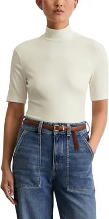 Marc OߴPolo Damen T-Shirt mit Rollkragen Slim Fit, Cremefarben (White Cotton), XXS
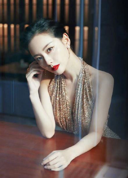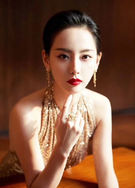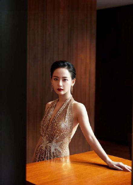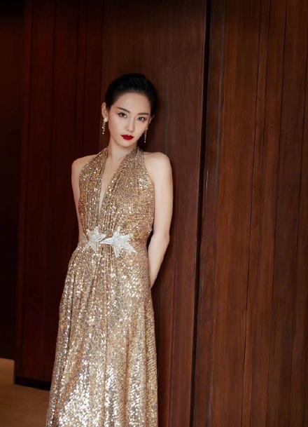 张嘉倪香槟色露背细闪长裙秀美背时尚图片
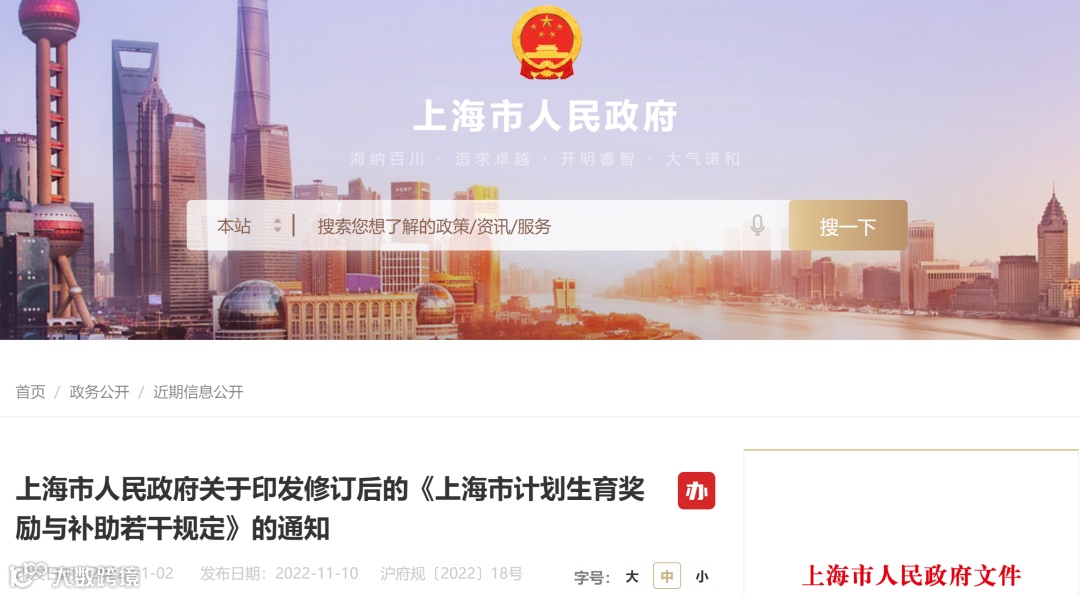 上海市政府印发修订后的《上海市计划生育奖励与补助若干规定》,自2022年11月1日起实施,有效期至2027年10月31日。
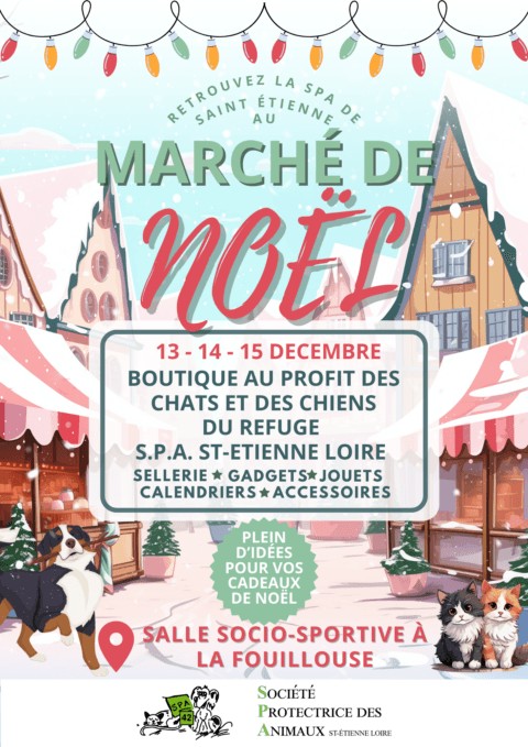 Du 12 au 14 décembre, retrouvez la SPA de Saint-Étienne Loire au Marché de Noël de La Fouillouse ! 🎄🐾Venez rencontrer nos équipes et craquez pour nos calendriers 2026, des accessoires et articles...
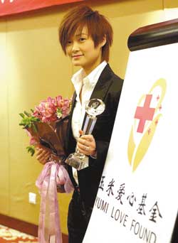 日前,中國(guó)紅基會(huì)召開(kāi)“玉米愛(ài)心基金”成立兩周年暨基金標(biāo)識(shí)征集揭曉發(fā)布會(huì)。李宇春親自為愛(ài)心基金標(biāo)識(shí)的設(shè)計(jì)者、來(lái)自上海同濟(jì)大學(xué)的研究生宋頌頒發(fā)了紀(jì)念牌。(記者方芳)
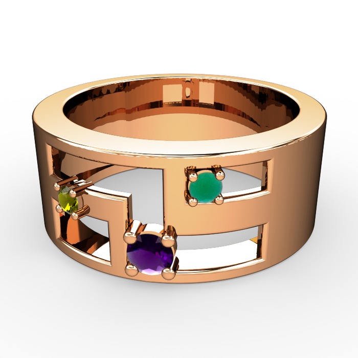Ametist, peridot ve kök zümrüt 8 ayar rose altın yüzük
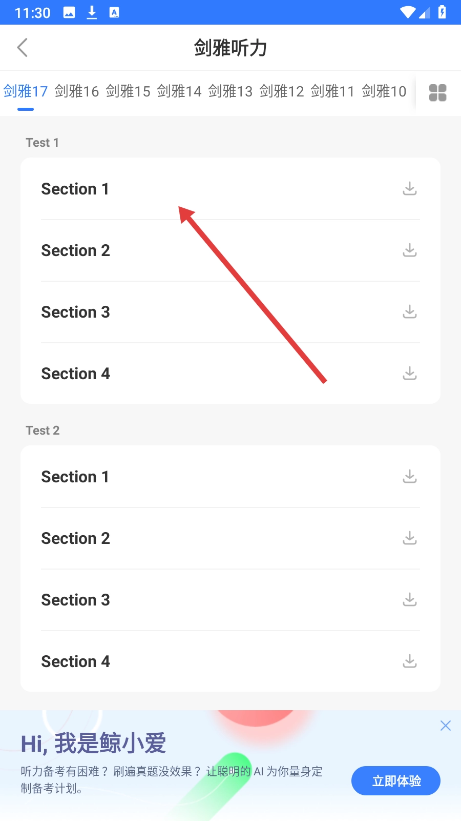 在分类页面找到你想练习的【听力真题Section】并点击,就能进入该Section对应的题目页面了。
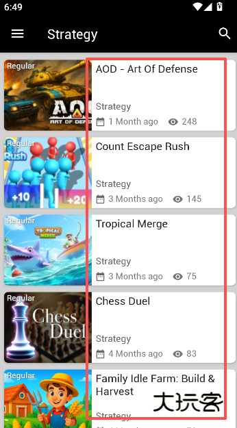 2、在当前游戏题材栏目下所有游戏,都会在这里详细展示,觉得符合你的游戏需求,就直接点击打开。
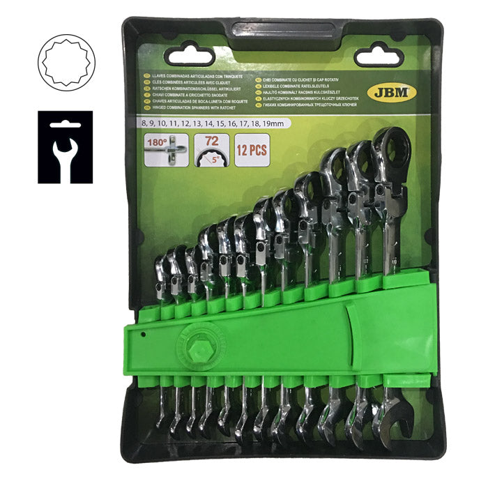 JOGO DE 12 CHAVES ARTICULADAS DE BOCA-LUNETA COM ROQUETE JBM 51318
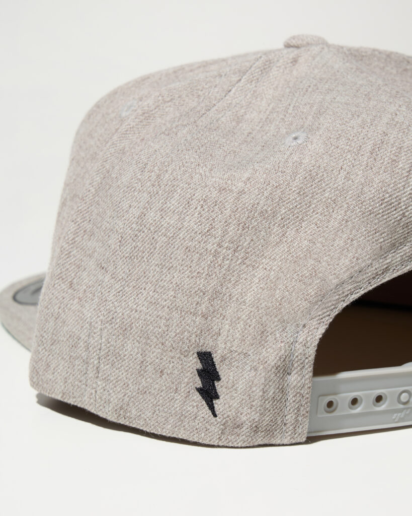 クラウンにはグラフィックのワッペンが入り、バックには刺繍で稲妻が入ります。
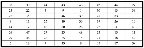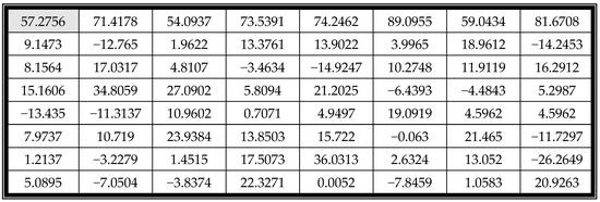 In the equation, is a pixel value in the coordinate of the block, and is the corresponding coefficient in the coordinate of the block. and are the width and height of the block, respectively. The top-left corner coefficient is the most important coefficient, called the DC coefficient or the constant components. The other coefficients are the alternating-current quantized coefficients called AC. For example, Figure 2 is a block with a size and Figure 3 is the coefficient table of Figure 2. The DC value of the figure is 57.2756, which defines the basic hue for the entire block.
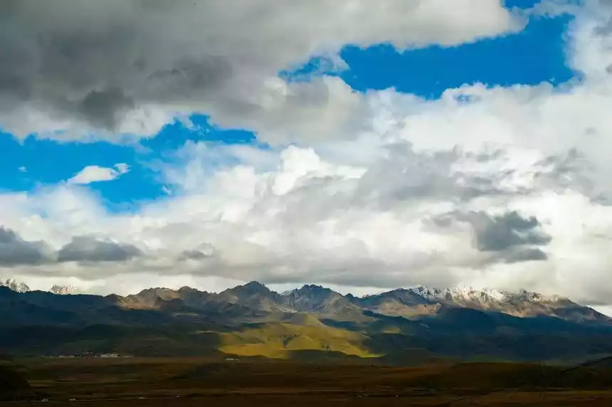 Overlooking the entire Jiangba grassland from the end of the road, and looking back at the Rainbow Highway, it seems like a sky road leading from the human world to the sacred mountain fairyland.
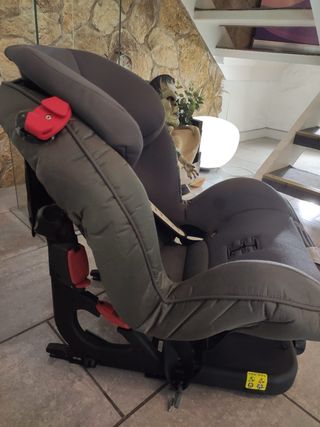Silla de coche en color gris, con base negra y detalles en rojo. - Sistema de sujeción. - Reposacabezas ajustable. - Indicador de peso en la base.
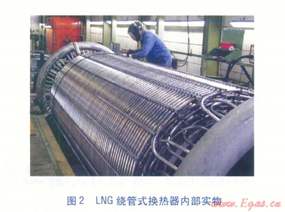 LNG繞管式換熱器用于天然氣液化工藝,這種換熱器是在芯筒與外筒之間的空間內(nèi)將換熱管按螺旋線形狀交替纏繞而制成的,相鄰兩層螺旋狀換熱管的螺旋方向相反,并且采用隔條來保持一定的間距。繞管式換熱器剖面見圖1,LNG繞管式換熱器內(nèi)部實物見圖2[1]。
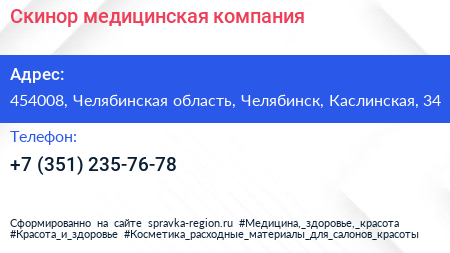 Скинор, медицинская компания по адресу 454008, Челябинская область, Челябинск, Каслинская, 34 в дальнейшем Организация, размещена в следующих категориях:
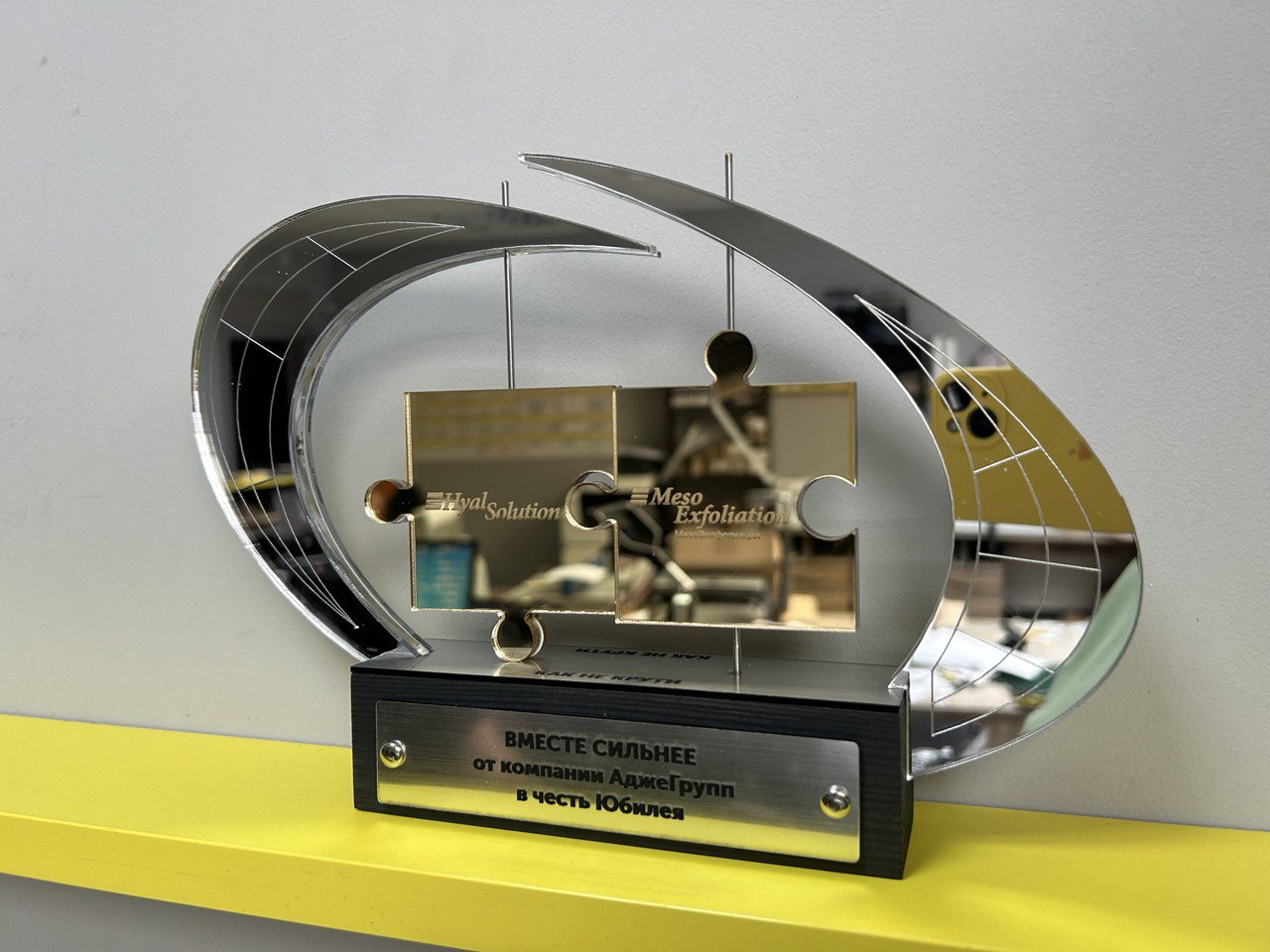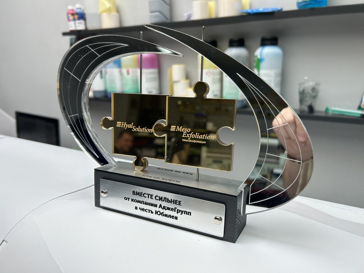 – Эстетичность и качество: Изящный дизайн и высококачественные материалы делают награду не только символом признания, но и стильным украшением для любого офиса.
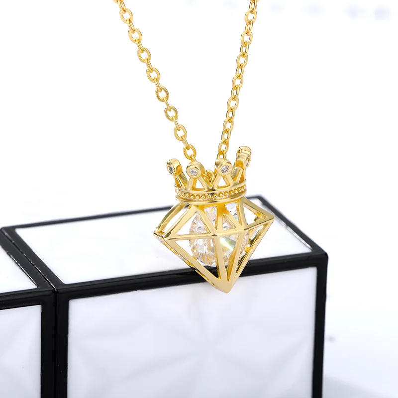 Женское колье с кулоном в виде короны, ожерелье с кубическим цирконием, ювелирное изделие в подарок на Новый год, 2021
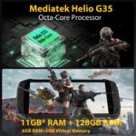 【11GB RAM+128GB ROM】Along with 11GB RAM(6GB RAM + 5GB virtual RAM) and 128GB ROM(Max. Expansion Supported 256GB), it provides spacious space for downloaded apps, video, images, music storage. Ulefone Armor 15 packs MediaTek Helio G35 processor, which combines octa-core CPU and 2.3GHz frequency.
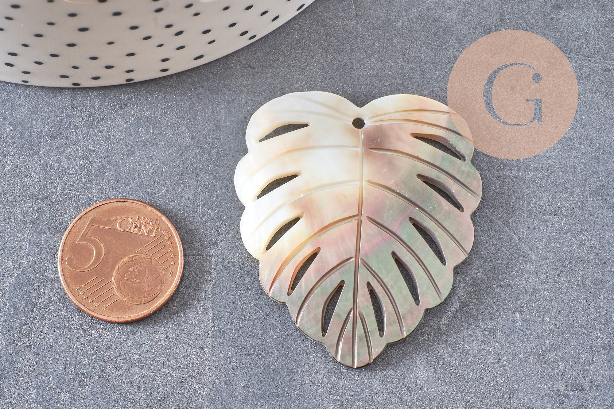 Añade un toque tropical y elegante a tus creaciones con este colgante de hoja de Monstera de nácar natural , en delicados tonos blanco perlado y gris .
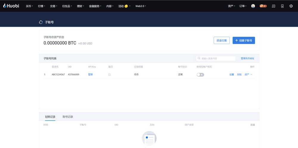 6.点击【划转】即可实现主账号现货账户与子账号现货账户的自由划转。
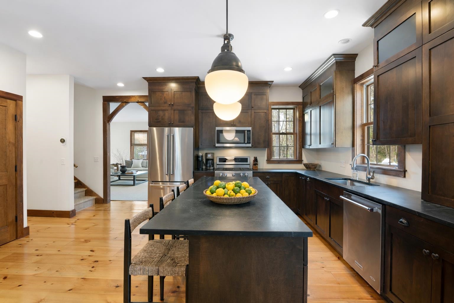 11 East Village Circle, a beautifully maintained mountain home adjacent to The Hermitage Club in Wilmington, Vermont. This 4-bedroom, ( bonus sleeping room) 6-bath retreat offers a perfect blend of Vermont craftsmanship and modern updates, ideal for year-round living or a turnkey mountain getaway. The open-concept living space features wide-plank wood floors, a stone fireplace, and a well-designed kitchen with generous island seating perfect for gathering after a day outdoors. The home has been recently refreshed with interior and exterior paint, a newly installed septic system, and is being offered with new, well-appointed furnishings, and custom rugs allowing for an easy, move in ready experience. A dedicated bunk room and multiple living areas provide flexible space for family and guests, while the direct-entry two-car garage offers convenient storage for all your mountain gear. Enjoy direct access to snowmobile and hiking trails, with The Hermitage Club, Mount Snow, and historic downtown Wilmington just minutes away. An exceptional opportunity to own a thoughtfully updated, turnkey home in one of Southern Vermont’s most desirable mountain locations.
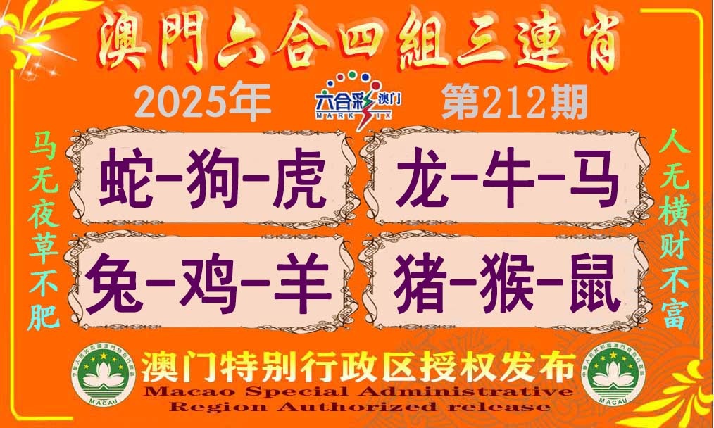 212期四組三連肖
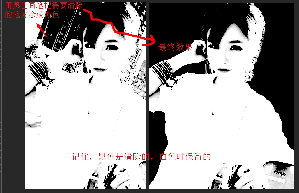 然后用画笔工具把需要清除的地方涂黑,如看不清边缘,点击RGB图层进行选区,再换回绿色通道,用油漆桶涂黑,
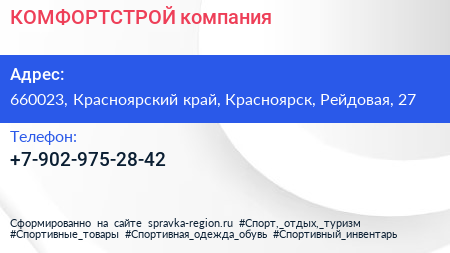 КОМФОРТСТРОЙ, компания по адресу 660023, Красноярский край, Красноярск, Рейдовая, 27 в дальнейшем Организация, размещена в следующих категориях:
——
## What is needed
Output exactly the stretch of the listing that begins at the line containing "Silla de coche" and ends at the line containing "6.点击【划转】即可实现主账号现货账户与子账号现货账户的自由划转。", both kept. Omit pictures and everything else.

## Answer to this exercise
Silla de coche en color gris, con base negra y detalles en rojo. - Sistema de sujeción. - Reposacabezas ajustable. - Indicador de peso en la base.
 LNG繞管式換熱器用于天然氣液化工藝,這種換熱器是在芯筒與外筒之間的空間內(nèi)將換熱管按螺旋線形狀交替纏繞而制成的,相鄰兩層螺旋狀換熱管的螺旋方向相反,并且采用隔條來保持一定的間距。繞管式換熱器剖面見圖1,LNG繞管式換熱器內(nèi)部實物見圖2[1]。
 Скинор, медицинская компания по адресу 454008, Челябинская область, Челябинск, Каслинская, 34 в дальнейшем Организация, размещена в следующих категориях:
 – Эстетичность и качество: Изящный дизайн и высококачественные материалы делают награду не только символом признания, но и стильным украшением для любого офиса.
 Женское колье с кулоном в виде короны, ожерелье с кубическим цирконием, ювелирное изделие в подарок на Новый год, 2021
 【11GB RAM+128GB ROM】Along with 11GB RAM(6GB RAM + 5GB virtual RAM) and 128GB ROM(Max. Expansion Supported 256GB), it provides spacious space for downloaded apps, video, images, music storage. Ulefone Armor 15 packs MediaTek Helio G35 processor, which combines octa-core CPU and 2.3GHz frequency.
 Añade un toque tropical y elegante a tus creaciones con este colgante de hoja de Monstera de nácar natural , en delicados tonos blanco perlado y gris .
 6.点击【划转】即可实现主账号现货账户与子账号现货账户的自由划转。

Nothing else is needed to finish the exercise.